The state alphabet is \(\{ s_1, s_2, s_3, s_4, s_5, s_6 \}\).

Our custom alphabet is \(\{ \exists , \forall , +, -, \textit{0}, {1}, f, c, q, q', p, x, h, y, w, \nu , \mu , a, v \}.\) \(\square \)

Proposition 2

Our solution uses a ruleset containing ten rules.

Top–down pass uses six rules (Table 9), and bottom–up pass uses four (Table 11), making a total of ten rules. \(\square \)

Proposition 3

Total runtime is \(4n+3\).

Top–down runtime (Table 9): The top–down loop \(s_1 \rightarrow s_2 \rightarrow s_3 \rightarrow s_1\) runs n times. The transition \(s_{1} \rightarrow s_4\) runs once, making this pass take \(3n+1\) steps.

Bottom–up runtime (Table 11): The transitions \(s_{4} \rightarrow s_{5}\) and \(s_{5} \rightarrow s_{6}\) run once. The bottom–up loop \(s_{5} \rightarrow s_{5}\) runs n times, making this pass take \(n+2\) steps.

Thus, the total runtime is \({\mathcal {O}}(n)\) = \(4n+3\). \(\square \)

Proposition 4

The evolution of our ruleset is totally deterministic.

Rules that are applicable exactly once (\(\rightarrow _1\)) use singleton terms and do not allow any possible choice.
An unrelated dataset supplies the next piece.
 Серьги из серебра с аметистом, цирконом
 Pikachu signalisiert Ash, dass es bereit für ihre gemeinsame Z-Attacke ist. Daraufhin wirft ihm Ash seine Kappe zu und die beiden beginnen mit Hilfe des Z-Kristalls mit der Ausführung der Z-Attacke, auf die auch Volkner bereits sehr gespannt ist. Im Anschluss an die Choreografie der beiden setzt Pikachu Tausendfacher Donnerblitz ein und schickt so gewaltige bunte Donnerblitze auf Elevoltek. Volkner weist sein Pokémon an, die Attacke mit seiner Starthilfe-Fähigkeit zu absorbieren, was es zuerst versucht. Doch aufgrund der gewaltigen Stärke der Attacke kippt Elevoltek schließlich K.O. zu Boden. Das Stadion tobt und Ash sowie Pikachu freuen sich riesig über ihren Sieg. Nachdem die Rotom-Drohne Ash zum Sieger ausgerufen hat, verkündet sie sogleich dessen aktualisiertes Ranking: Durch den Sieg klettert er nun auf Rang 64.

Rules that are applicable in the max-parallel mode (\(\rightarrow _+\)) make the same multiset transformations, regardless of any hypothetical application order. \(\square \)

Proposition 5

Maximum membrane nesting depth is 6.

The largest nesting depth in Table 10 occurs in:

$$\begin{aligned}&f(\textit{0})(c(x_{2}) ~ c({\bar{x}}_{2}) ~ a({1}{1})(0) ~ a({1})(\textit{0})) \\&\quad \equiv f(\textit{0})(c(x({1}{1})(+)) ~ c(x({1}{1})(-)) ~ a({1}{1})(0) ~ a({1})(\textit{0})) \end{aligned}$$

and other similar cells. Denoting nesting depth by \(\delta \), we have: \(\delta (f)=1\), \(\delta (c)=3\), \(\delta (x)=4\), \(\delta (+)=6\). This example is for \(n=2\); however, for larger n, the nesting depth will NOT increase, but rather the “horizontal” number of cells at existing levels. \(\square \)
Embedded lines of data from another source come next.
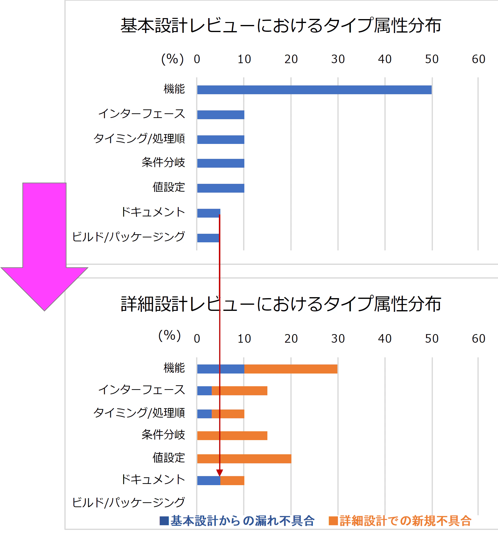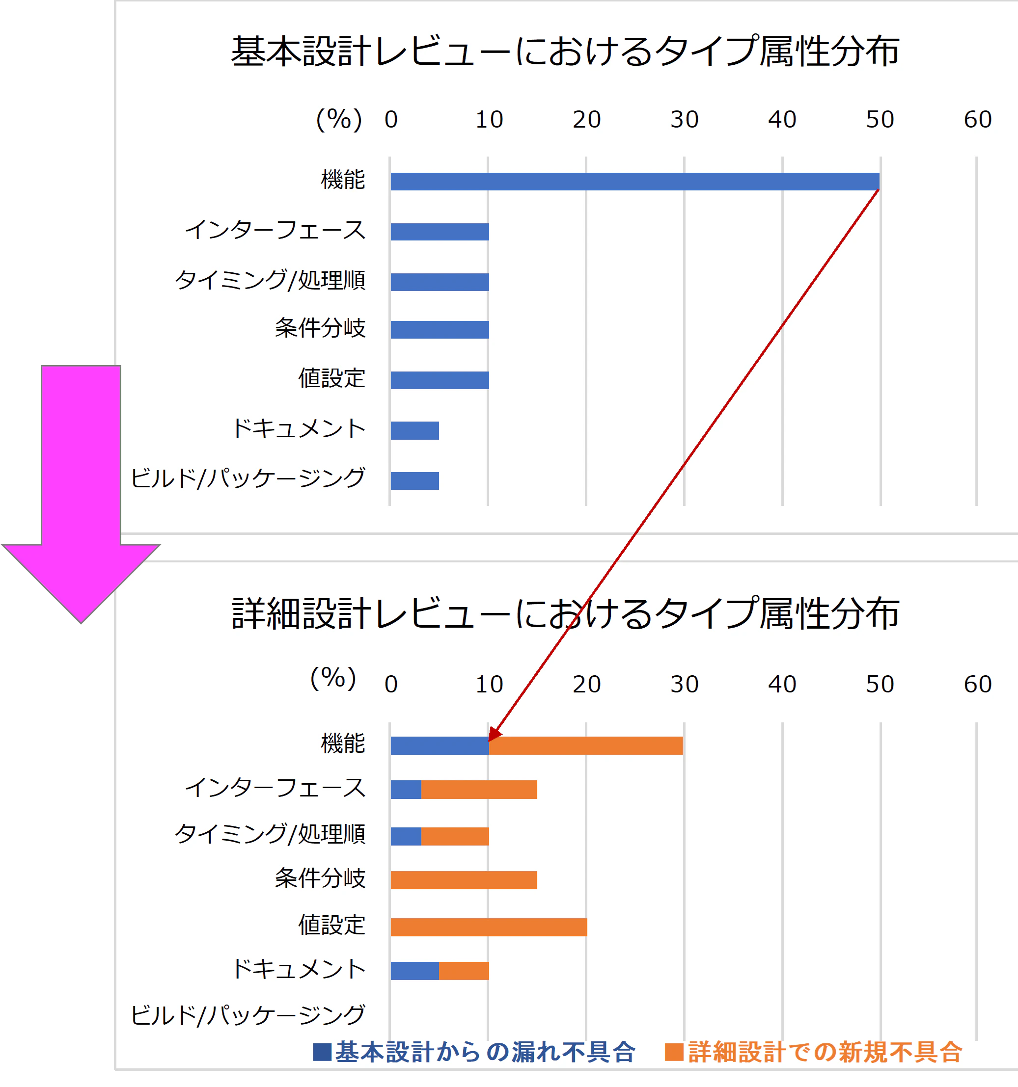 しかしながら、次工程の詳細レビューでも、30%はFunctionに関わる不具合が摘出され、さらに、そのFunction不具合の1/3が、基本設計レビューで見つけるべき不具合でした。(図表6の赤矢印)
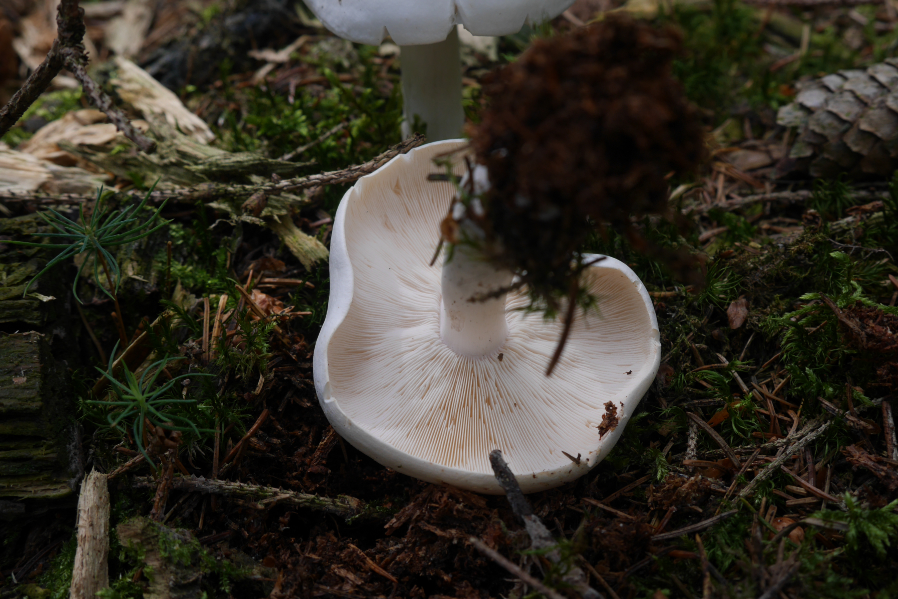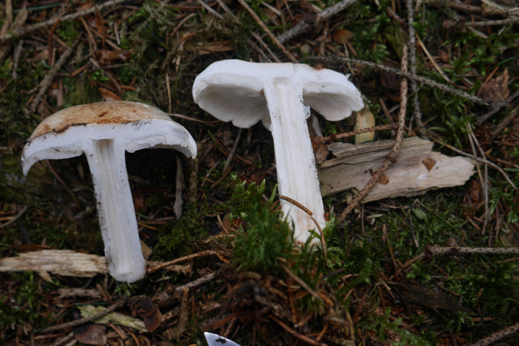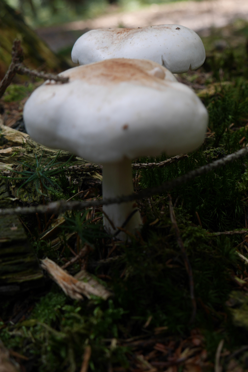vergleiche mit dem Gefleckten Rübling (Rhodocollybia maculata).
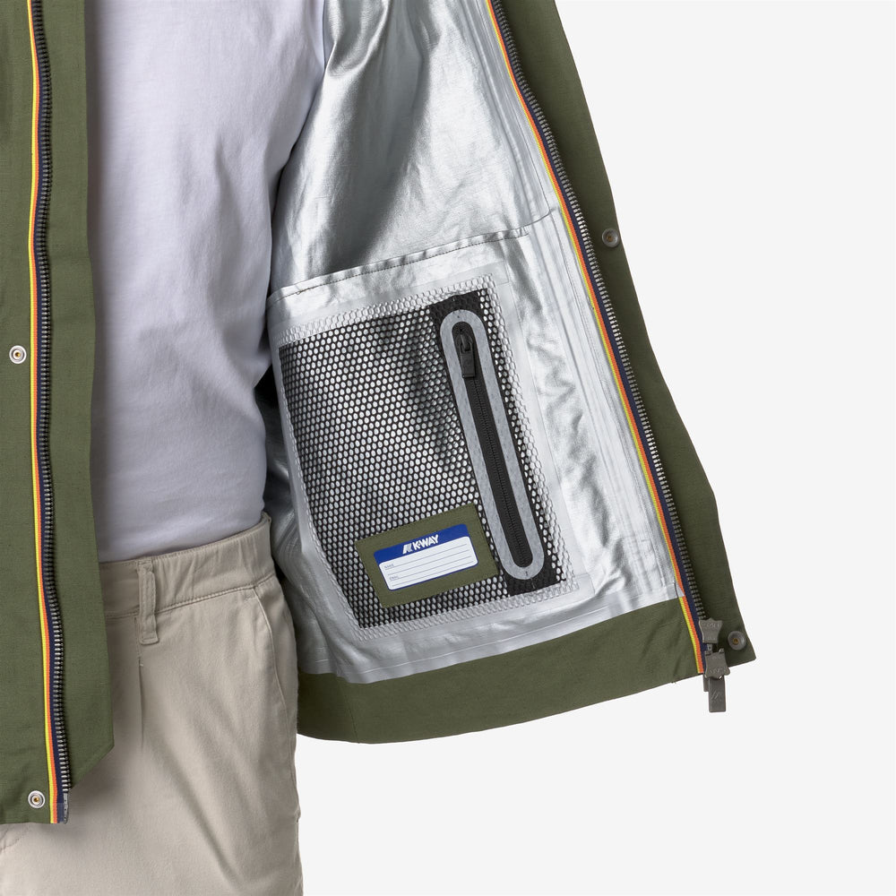 Kaya è una giacca corta da uomo che rappresenta un mix funzionale di materiali naturali e tecnologia K-Way: il tessuto in misto lino dalla mano morbida si coniuga con una funzionale membrana impermeabile all’interno, per moltiplicare le occasioni d’uso del capo. A completare il design del capo, polsini con tape K-Way colorato e colletto ispirati alla camiceria, un cappuccio staccabile, due pratiche tasche con patta e piccoli fori di ventilazione sotto il braccio.

4 Conclusion and future work

We have presented an efficient deterministic cP solution to QSAT that runs in \(4n+3 = {\mathcal {O}}(n)\) steps, at same order of magnitude as the other P system solutions. However, in contrast to other confluent P system solutions, our cP solution uses a small constant alphabet size (19), a small constant number of rules (10) and very small constant membrane nesting depth (6), independent on the problem size.

We conclude by noting the following open problems, which may need further investigations: Is it possible to design an equivalent cP system, still deterministic, “with an even smaller nesting depth bound, e.g. three or even two?
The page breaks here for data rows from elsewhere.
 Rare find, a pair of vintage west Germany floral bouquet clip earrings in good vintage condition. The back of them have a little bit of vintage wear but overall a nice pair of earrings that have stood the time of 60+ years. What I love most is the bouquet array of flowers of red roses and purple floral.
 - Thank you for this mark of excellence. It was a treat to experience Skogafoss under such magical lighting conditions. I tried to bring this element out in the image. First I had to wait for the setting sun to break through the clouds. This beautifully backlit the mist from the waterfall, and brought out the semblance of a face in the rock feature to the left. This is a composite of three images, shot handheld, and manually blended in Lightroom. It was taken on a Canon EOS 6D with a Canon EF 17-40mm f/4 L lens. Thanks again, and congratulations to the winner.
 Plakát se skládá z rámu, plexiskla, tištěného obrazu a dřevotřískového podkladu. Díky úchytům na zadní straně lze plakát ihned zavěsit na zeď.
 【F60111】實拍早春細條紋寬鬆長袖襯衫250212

How would non-confluent designs affect the power of cP systems? Are cP system inhibitors really needed? We note that our solution does not use any, and the presence of inhibitors will likely negatively affect the simulation runtime on existing hardware and software platforms.

Is a sub-linear runtime solution possible, using cP systems and/or another P systems variant? We note this can be viewed as seeing whether cP systems agree with the parallel computation thesis [15]. This also leads to the question on whether or not cP systems are polynomial equivalent to the other P system variants.